It's difficult to know whether to laugh or to cry at the news that the Dail is set to impose a dress code on its members, with male TDs expected to wear a jacket and long-sleeved shirt and women TDs banned from wearing jeans when our national parliament returns from its two-month summer holidays next September.
While we have always found Independent TD Mick Wallace's preference for shocking pink polo shirts a bit hard on the eye, it's hard to see how such sartorial lapses interfere with his ability to perform his parliamentary duties. Likewise, Luke 'Ming' Flanagan's preference for not tucking his shirt into his trousers and refusing to wear a jacket in the Dail chamber.
Amazingly, despite such fashion faux pas, these and other, mainly Independent, deputies are among the most effective members of the recently elected Dail.
Which is all that should matter. The purpose of the Dail is supposed to be to hold the Government to account on behalf of we the voters who elected them. After that, as Mr Wallace has observed, so long as our TDs wash regularly then whatever they choose to wear, as long as it covers their rude bits, should be irrelevant.
Not if the Dail establishment has its way. The Committee on Procedures and Privileges, chaired by Ceann Comhairle Sean Barrett, has recommended a dress code that would force all of our TDs to dress like bank managers. Members who adopt a more relaxed style of dressing could find themselves suspended from the Dail.

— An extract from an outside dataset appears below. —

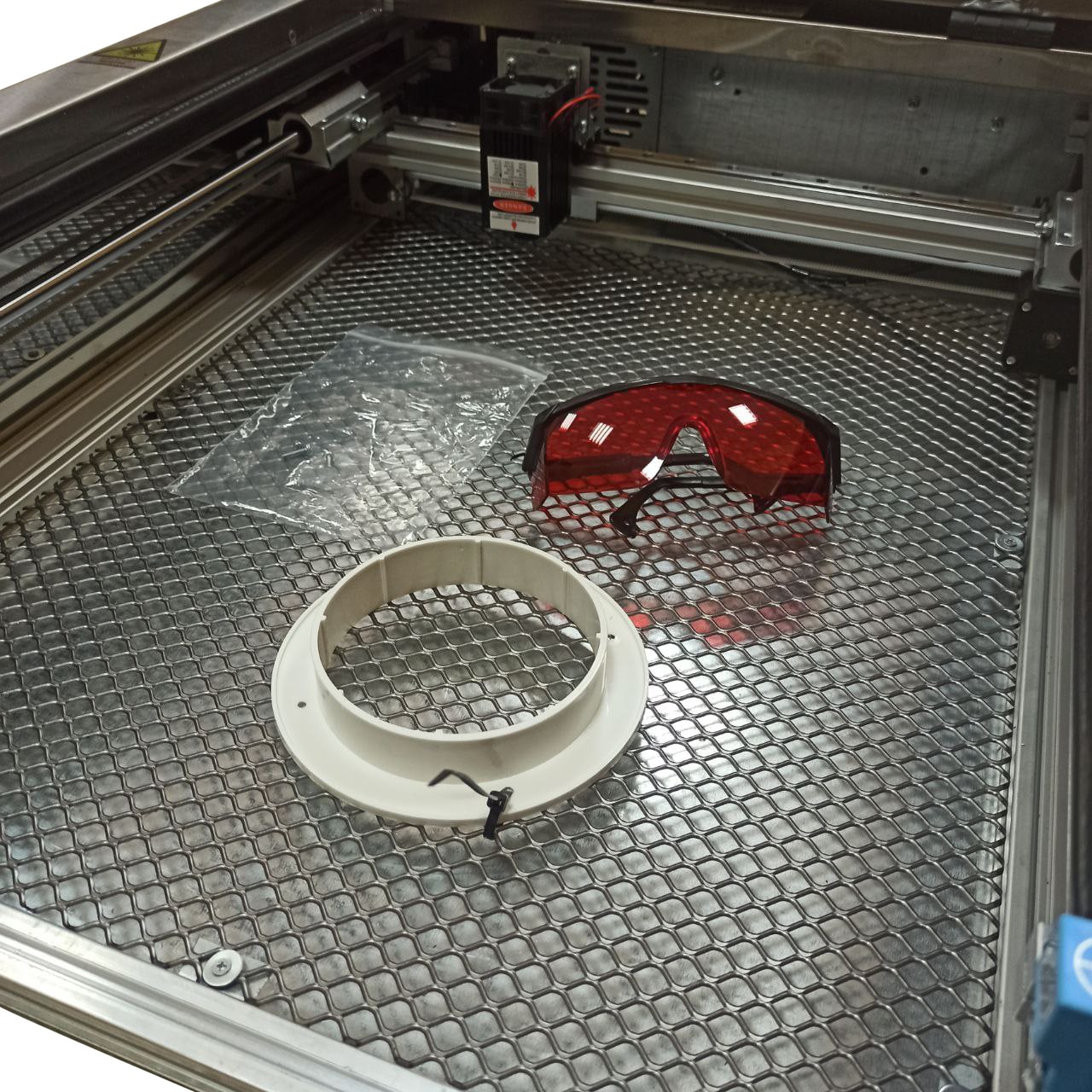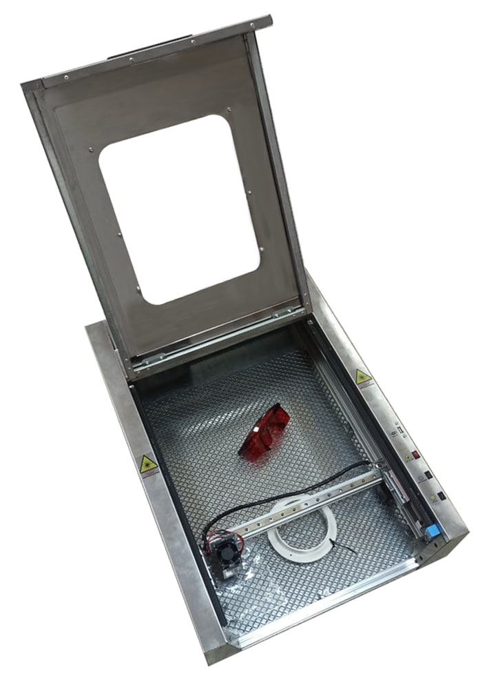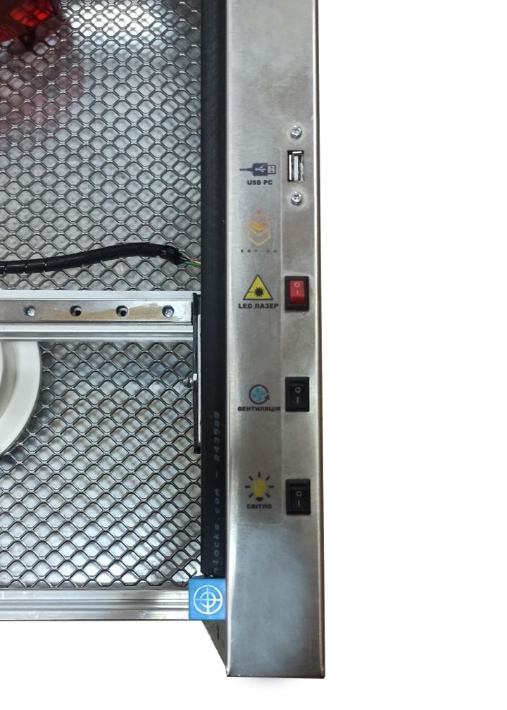 Встановлено індуктивний датчик відкривання захисних дверцят. Що унеможливлює потрапляння сторонніх предметів, а також частин тіла під дію лазерного випромінювання під час роботи станка. Це забезпечує безпечну роботу пристрою.

The country is as good as bust. The ratings agencies are getting ready to slash our credit rating to "junk" status. We are facing into another savage Budget in December. The Dail has utterly failed in its core mission of holding the executive accountable. Distrust of politicians by most voters is running at record levels.

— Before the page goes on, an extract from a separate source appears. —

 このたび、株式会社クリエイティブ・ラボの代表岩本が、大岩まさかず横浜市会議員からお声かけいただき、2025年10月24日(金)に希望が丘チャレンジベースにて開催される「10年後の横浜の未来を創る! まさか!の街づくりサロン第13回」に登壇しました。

And yet all the Ceann Comhairle and most of his fellow committee members seem to be worried about is the fact that a few TDs refuse to wear tailored jackets or collared shirts in the Dail chamber.
If Mr Barrett, who seems to be the driving force behind the proposed dress code, gets his way he will succeed not in smartening up the appearance of the Dail but in emphasising just how irrelevant it has become to most citizens. One can imagine the mayhem if the dress code is rigidly enforced as sartorial rebels exploit the opportunity for publicity. Who will be the first TD to be suspended for refusing to wear a jacket?
Mr Barrett would be far better employed pursuing a programme of meaningful Dail reform: longer parliamentary weeks, shorter holidays, proper debates with less legislation 'guillotined' and a committee system that actually works.
The first item on his agenda should be to keep the Government to its promise to hold a referendum to reverse the Abbeylara decision, which renders Oireachtas committees impotent.
If, and only if, he delivers these reforms, should Mr Barrett even think of sending in the fashion police.